*GIVEN MATERIAL*:

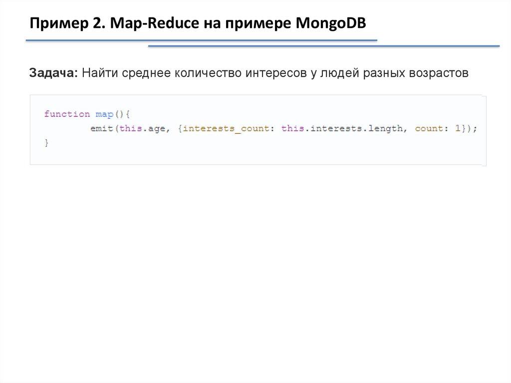 Пример 2. Map-Reduce на примере MongoDBЗадача: Найти среднее количество интересов у людей разных возрастов
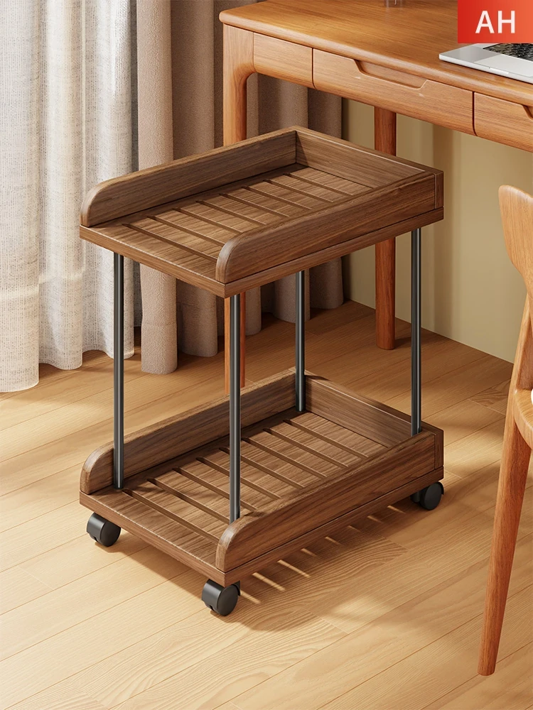 Mobile Solid Wood Bookshelf - Space-Saving Desk Side Storage Rack for Classroom and Students with Wheels - Ideal for Books and Stationery Organization
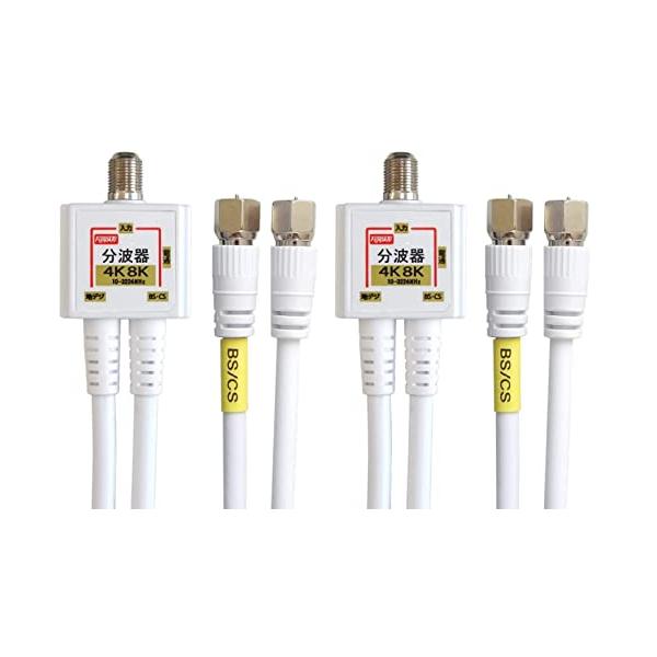 アンテナ分波器 4Cケーブル一体型 0.2m ニッケルメッキ (4K8K / 地デジ/BS CS/CATV デジタル放送対応) ホワイト 2個入

*WHAT THE TASK ASKS*: Print the material again word for word. Please drop every picture.

*ANSWER TO THE PROBLEM*:
 Пример 2. Map-Reduce на примере MongoDBЗадача: Найти среднее количество интересов у людей разных возрастов
 Mobile Solid Wood Bookshelf - Space-Saving Desk Side Storage Rack for Classroom and Students with Wheels - Ideal for Books and Stationery Organization
 アンテナ分波器 4Cケーブル一体型 0.2m ニッケルメッキ (4K8K / 地デジ/BS CS/CATV デジタル放送対応) ホワイト 2個入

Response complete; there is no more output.